Além de salários e benefícios que o contribuinte recebeu da empresa antes de ser dispensado, o Informe de Rendimentos especifica os valores relacionados à rescisão do contrato, como aviso prévio, multa de 40% sobre o valor do FGTS e outras indenizações.

As indenizações deverão ser lançadas na ficha de “Rendimentos Isentos e não Tributáveis”, na linha “04 – Indenizações por rescisão de contrato de trabalho, inclusive a título de PDV, e por acidente de trabalho; e FGTS”, com o nome e o CNPJ da empresa no campo da fonte pagadora. E o valor.

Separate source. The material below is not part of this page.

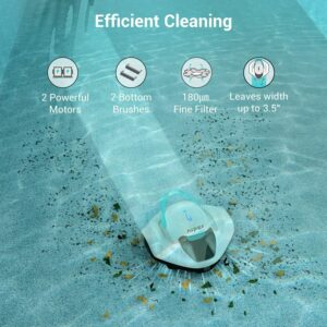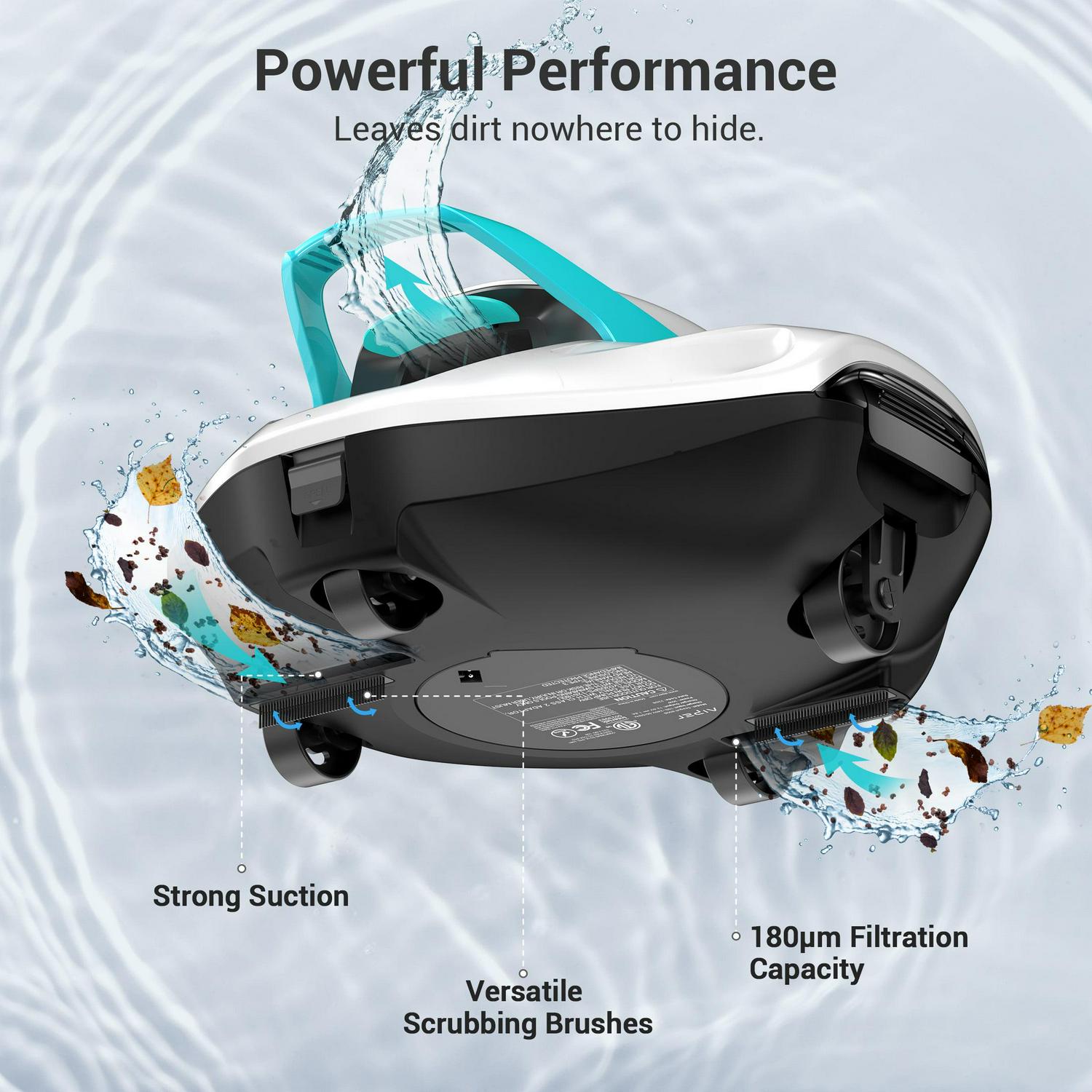 Say goodbye, pool boy! Because cleaning your pool has never been simpler. The newly upgraded Aiper Seagull 800 cordless robotic pool cleaner is the perfect solution for your flat-floored pools up to rectangular 40x20ft or round 33ft. Completely cordless, this hassle-free robotic pool cleaner features dual-drive motors, 90-minute battery life, and the robotic pool vacuum is lightweight and is activated with just one click. When the robotic pool cleaner has completed its cleaning cycle or its battery is low, it will automatically stop near your pool’s wall for easy retrieval.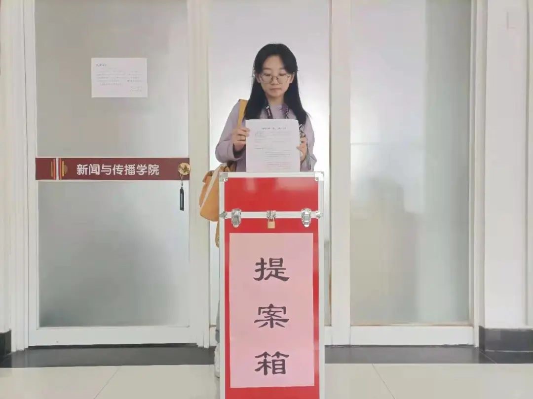 新传学子们积极报名、踊跃参加、广泛讨论、认真筹备提案,力争在提案中提出切实可行的想法及建议,并利用课余时间充分讨论选题及提案内容。参赛队采用发放调查问卷、访谈等方式,了解、调查同学们对于学院发展建设的想法及建议,进一步提升提案的质量。提案撰写完成后,同学们以现场投递的形式,将形成的提案投入提案箱内。

Nessa mesma ficha e no mesmo campo precisa ser anotado o valor recebido do FGTS. A fonte pagadora é a Caixa Econômica Federal, com o CNPJ de número 00.360.305/0001-94.

Já o seguro-desemprego, embora seja lançado na ficha de “Rendimentos Isentos e Não Tributáveis”, deve ser informado na linha “26 – Outros”. A fonte pagadora é o Fundo de Amparo ao Trabalhador (FAT), que tem o seguinte CNPJ: 07.526.983/0001-43.

Para obter os valores exatos tanto do seguro-desemprego quanto do FGTS, o contribuinte deve acessar o site da Caixa, na aba “Benefícios e Programas”. Se ainda não tiver cadastro, deverá providenciar um, com usuário e senha. Lá estarão disponíveis os extratos dos dois benefícios.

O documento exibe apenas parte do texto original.